Clinically, the patient is first diagnosed with PD, and may develop into dementia at a later stage of the disease and is therefore diagnosed with PDD. Therefore, biomarkers that predict or diagnose the early course of PDD in PD individuals do have clinical implications. According to the results in Figure 7, the plasma alpha-synuclein value was significantly higher in patients with PDD than in PD patients ( p < 0.001), which means that plasma alpha-synuclein is expected to be used as a clinical monitor for PDD progression in PD patients. parameter.

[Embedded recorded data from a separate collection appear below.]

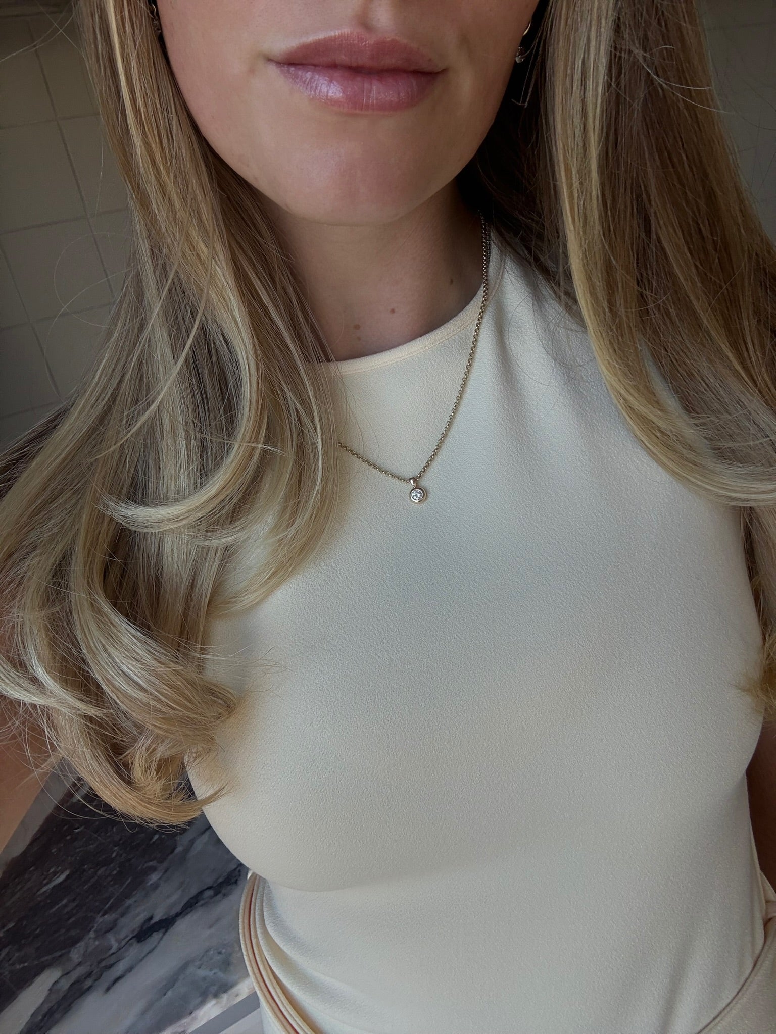Our Bubble Bezel Set Pendant features a round brilliant diamond centre stone, set in a 14k yellow gold bubble bezel.
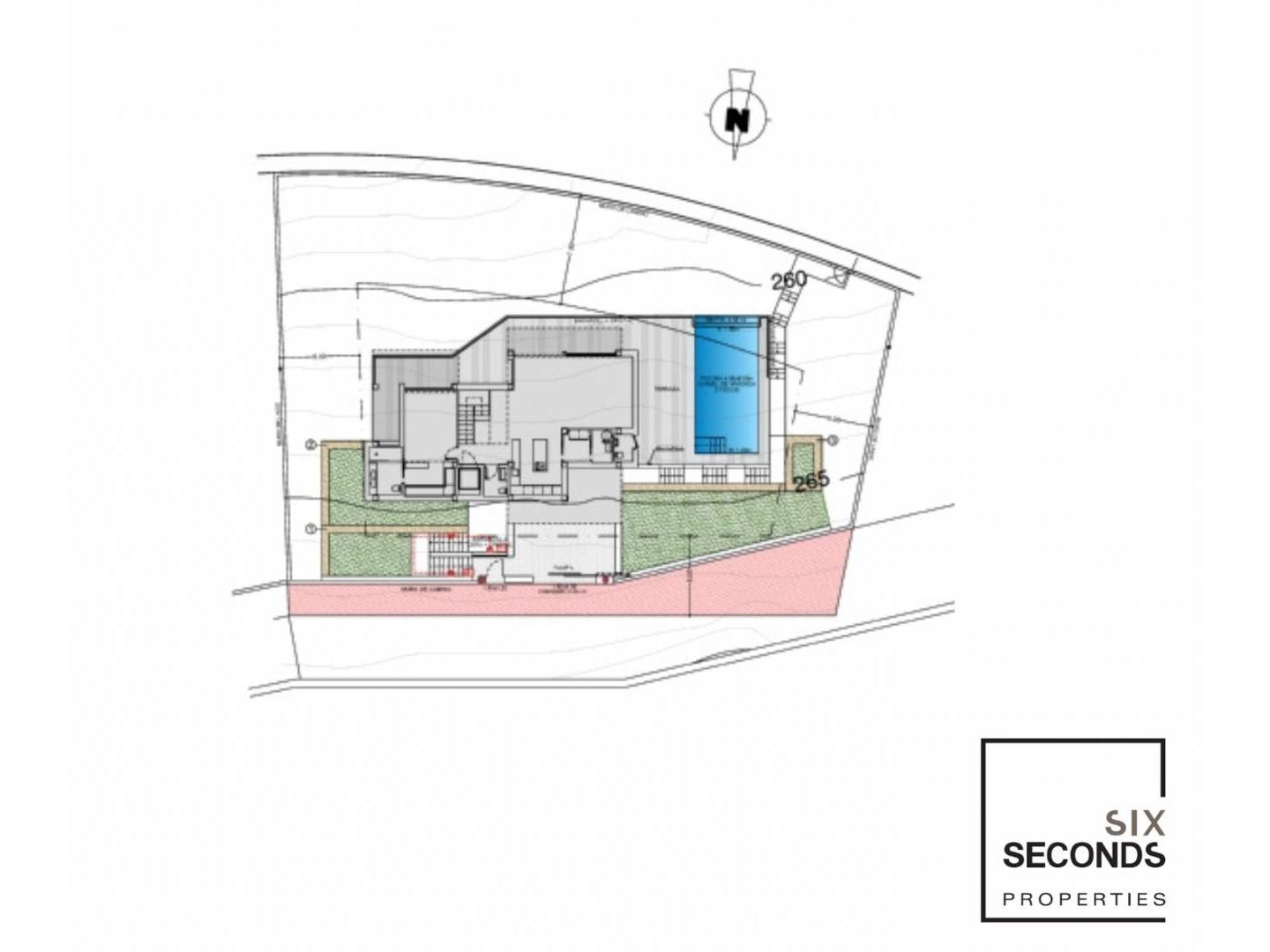 Het is gebouwd op drie niveaus, de toegang is via het hoogste niveau, waar de garage en de hal van het huis zich bevinden, uitgerust met een lift, zodat het verplaatsen tussen de niveaus comfortabel is. Op de tussenverdieping bevinden zich drie slaapkamers, allemaal met en-suite badkamers en toegang tot een terras om vanuit alle kamers van het huis van de zee te genieten. Op de begane grond bevindt zich de vierde slaapkamer van deze villa, eveneens met directe toegang tot het terras en het gehele daggedeelte, een grote open woonkamer verbonden met de keuken, het terras en het zwembad.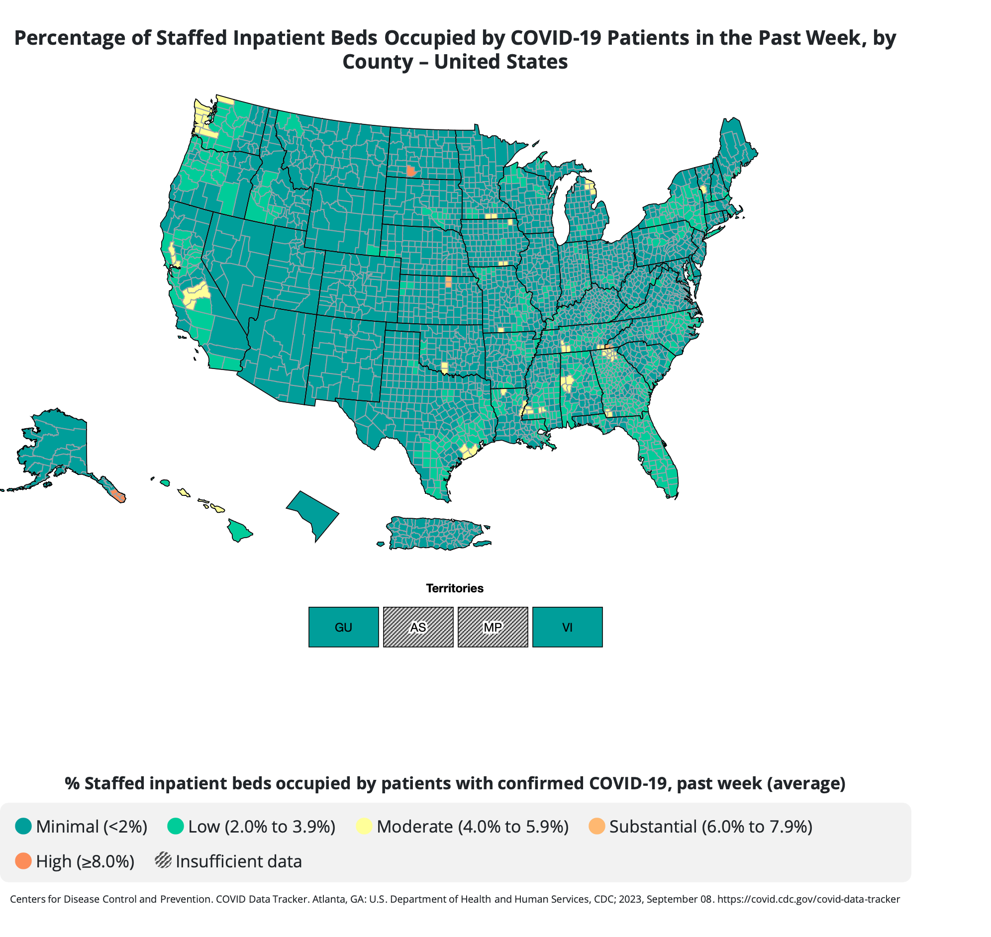 As in previous weeks, the Southern region is most heavily affected. I’m not seeing many signs of slowing there, yet. Florida and Georgia, in particular, have high levels of Covid-19 activity. Parts of the Western region, notably Washington state, are also affected.

An agent for measuring α-synuclein was developed by immobilizing an antibody against α-synuclein on magnetic nanoparticles. The dynamic range of α-synuclein was determined to be from 0.3 fg/ml to 310 pg/ml by immunomagnetic depletion (IMR) using a high T _c SQUID magnetic meter. The ultra-sensitivity SQUID-based IMR was applied to the determination of human plasma alpha-synuclein. Preliminary results showed significant differences in plasma alpha-synuclein concentrations between healthy individuals, PD patients, and PDD patients. It seems promising to apply IMR to the diagnosis of PD and PDD by measuring plasma alpha-synuclein.

Claims (4)

A method for identifying Parkinson's disease or Parkinson's disease dementia having normal cognition in an individual, comprising: (a) detecting an immunomagnetic of alpha-synuclein in vitro in a blood sample of the individual An IVR signal, wherein the IMR signal of the α-synuclein is produced by combining α-synuclein with magnetic nanoparticles containing an anti-α-synuclein antibody, and is obtained by the following formula IMR signal of α-synuclein: IMR(%)=(χac,o-χac,φ)/χac, o×100% where χac represents time-dependent AC susceptibility; χac,o denotes start Χac, the average of the system χac in the first 45 minutes; χac, φ is the final χac, the average value of the system χac in the last 45 minutes; (b) the α- detected in step (a) The IMR signal of synuclein is aligned with a logic function (I) to calculate the concentration of α-synuclein in the blood sample: Where IMR (%) is the IMR signal of the _α- synuclein, φ _α-syn is the concentration of the α-synuclein, the parameter A is the background value, the B is the maximum, φ _o is The IMR signal is equal to the concentration of _α- synuclein at ((A+B)/2), and the slope of the curve φ _o at the data point φ _o with φ _α-syn as the x-axis and IMR (%) as the y-axis. And (c) comparing the concentration of the α-synuclein obtained in step (b) with a predetermined threshold range, wherein the concentration of the α-synuclein above the predetermined threshold range represents Parkinson's Symptoms of dementia, the concentration of the α-synuclein between the predetermined threshold ranges represents Parkinson's disease with normal cognition, and the concentration of the α-synuclein is lower than the predetermined threshold range health. The method of claim 1, wherein the magnetic nanoparticle material is selected from the group consisting of Fe ₃ O ₄ , Fe ₂ O ₃ , MnFe ₂ O ₄ , CoFe ₂ O ₄ and NiFe ₂ O ₄ . Group. The method of claim 1, wherein the magnetic nanoparticle material is Fe ₃ O ₄ . The method of claim 1, wherein the blood sample is plasma.